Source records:
-----

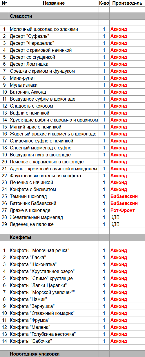 Молочный шоколад со злаками (1 шт), Десерт "Суфаэль" (1 шт), Десерт "Фараделла" (1 шт), Десерт с кремовой начинкой (1 шт), Десерт со сгущенкой (1 шт), Десерт Ломтишка (1 шт), Орешка с кремом и фундуком (1 шт), Мини-рулет (1 шт), Мультизлаки (1 шт), Батончик Акконд (1 шт), Воздушное суфле в шоколаде (1 шт), Сладость с кокосом (1 шт), Вафли с начинкой (1 шт), Хрустящие вафли с карам-ю и арахисом (1 шт), Мягкий ирис с начинкой (1 шт), Жареный арахис и кармель в шоколаде (1 шт), Cливочное суфле с начинкой (1 шт), Слоеный мармелад с суфле (1 шт), Воздушная нуга в шоколаде (1 шт), Печенье с карамелью в шоколаде (1 шт), Адель с кремовой начинкой и миндалем (1 шт), Фруктовая жевательная конфета (1 шт), Печенье с начинкой (1 шт), Конфета с бисквитом (1 шт), Конфеты "Молочная речка" (1 шт), Конфета "Ласка" (1 шт), Конфета "Шоконатка" (1 шт), Конфета "Хрустальное озеро" (1 шт), Конфеты "Слимо" хрустящие (1 шт), Конфеты "Лапки-Царапки" (1 шт), Конфеты "Морской узелочек" (1 шт), Конфета "Нямик" (1 шт), Конфета "Зернушка" (1 шт), Конфета "Отважный комарик" (1 шт), Конфета "Фрумка" (1 шт), Конфета "Малена" (1 шт), Конфета "Голубкина весточка" (1 шт), Конфеты "Бабочка" (1 шт)
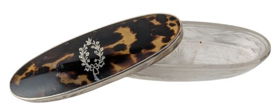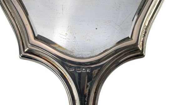 A George V hallmarked silver 6 piece dressing table vanity set. The set comprising a handheld mirror, two hair brushes, two cloth brushes and a silver & tortoiseshell lidded glass pot. Hallmarked year 1919, London. Sponsors mark for Charles Henry Dumenil. Total gross weight approx. 1011g.
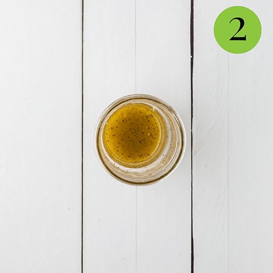 1. Make the dressing by combining olive oil, vinegar, honey and chopped mint leaves into a jar with a lid. Shake vigorously to combine.
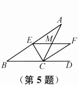 5. 如图,在$\triangle ABC$中,$CE平分\angle ACB$,$CF平分\angle ACD$,且$EF// BC交AC于点M$。若$CM = 3$,则$CE^{2} + CF^{2}$的值为( )
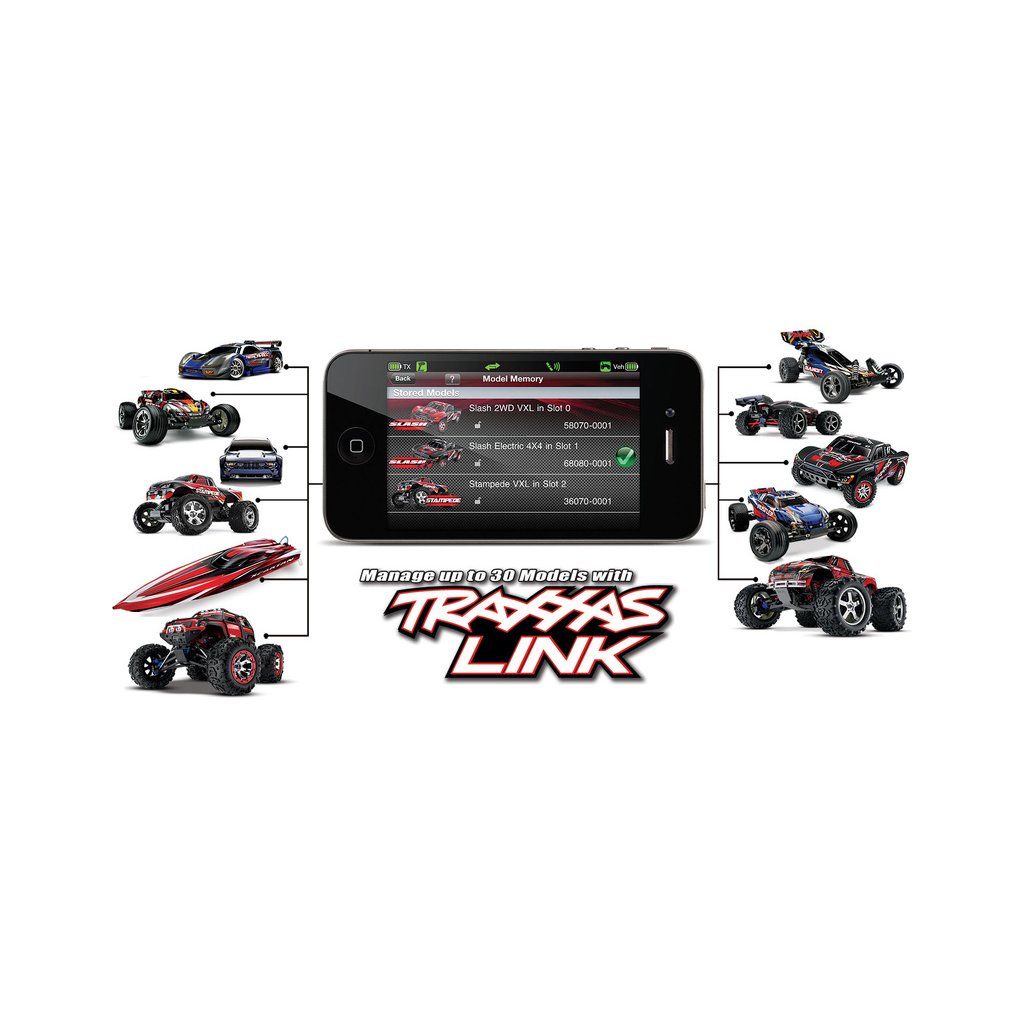 Traxxas pro Vás připravil zcela novou řadu RC souprav pro RC modely aut. Původně bylo možné RC vysílače vybavit dokovací stanicí pro zařízení od Apple. Traxxas pokračuje ve vývoji dále a připravil pro Vás RC vysílač s bezdrátovým BlueTooth modulem. Díky tomu můžete k vysílač bezdrátově připojit jakékoliv zařízení s BlueTooth LE rozhraním a operačním systémem Apple iOS (iPhone, iPod, iPad, ...) nebo Google Android (Samsung Galaxy, ...). Aplikace Traxxas Link pro zařízení od Apple je k dipozici zdarma na AppStore, aplikace pro zařízení Google Android je zdarma na stránkách GooglePlay.

-----

Each line in the records above should be reproduced exactly; images are not copied.

 Молочный шоколад со злаками (1 шт), Десерт "Суфаэль" (1 шт), Десерт "Фараделла" (1 шт), Десерт с кремовой начинкой (1 шт), Десерт со сгущенкой (1 шт), Десерт Ломтишка (1 шт), Орешка с кремом и фундуком (1 шт), Мини-рулет (1 шт), Мультизлаки (1 шт), Батончик Акконд (1 шт), Воздушное суфле в шоколаде (1 шт), Сладость с кокосом (1 шт), Вафли с начинкой (1 шт), Хрустящие вафли с карам-ю и арахисом (1 шт), Мягкий ирис с начинкой (1 шт), Жареный арахис и кармель в шоколаде (1 шт), Cливочное суфле с начинкой (1 шт), Слоеный мармелад с суфле (1 шт), Воздушная нуга в шоколаде (1 шт), Печенье с карамелью в шоколаде (1 шт), Адель с кремовой начинкой и миндалем (1 шт), Фруктовая жевательная конфета (1 шт), Печенье с начинкой (1 шт), Конфета с бисквитом (1 шт), Конфеты "Молочная речка" (1 шт), Конфета "Ласка" (1 шт), Конфета "Шоконатка" (1 шт), Конфета "Хрустальное озеро" (1 шт), Конфеты "Слимо" хрустящие (1 шт), Конфеты "Лапки-Царапки" (1 шт), Конфеты "Морской узелочек" (1 шт), Конфета "Нямик" (1 шт), Конфета "Зернушка" (1 шт), Конфета "Отважный комарик" (1 шт), Конфета "Фрумка" (1 шт), Конфета "Малена" (1 шт), Конфета "Голубкина весточка" (1 шт), Конфеты "Бабочка" (1 шт)
 A George V hallmarked silver 6 piece dressing table vanity set. The set comprising a handheld mirror, two hair brushes, two cloth brushes and a silver & tortoiseshell lidded glass pot. Hallmarked year 1919, London. Sponsors mark for Charles Henry Dumenil. Total gross weight approx. 1011g.
 1. Make the dressing by combining olive oil, vinegar, honey and chopped mint leaves into a jar with a lid. Shake vigorously to combine.
 5. 如图,在$\triangle ABC$中,$CE平分\angle ACB$,$CF平分\angle ACD$,且$EF// BC交AC于点M$。若$CM = 3$,则$CE^{2} + CF^{2}$的值为( )
 Traxxas pro Vás připravil zcela novou řadu RC souprav pro RC modely aut. Původně bylo možné RC vysílače vybavit dokovací stanicí pro zařízení od Apple. Traxxas pokračuje ve vývoji dále a připravil pro Vás RC vysílač s bezdrátovým BlueTooth modulem. Díky tomu můžete k vysílač bezdrátově připojit jakékoliv zařízení s BlueTooth LE rozhraním a operačním systémem Apple iOS (iPhone, iPod, iPad, ...) nebo Google Android (Samsung Galaxy, ...). Aplikace Traxxas Link pro zařízení od Apple je k dipozici zdarma na AppStore, aplikace pro zařízení Google Android je zdarma na stránkách GooglePlay.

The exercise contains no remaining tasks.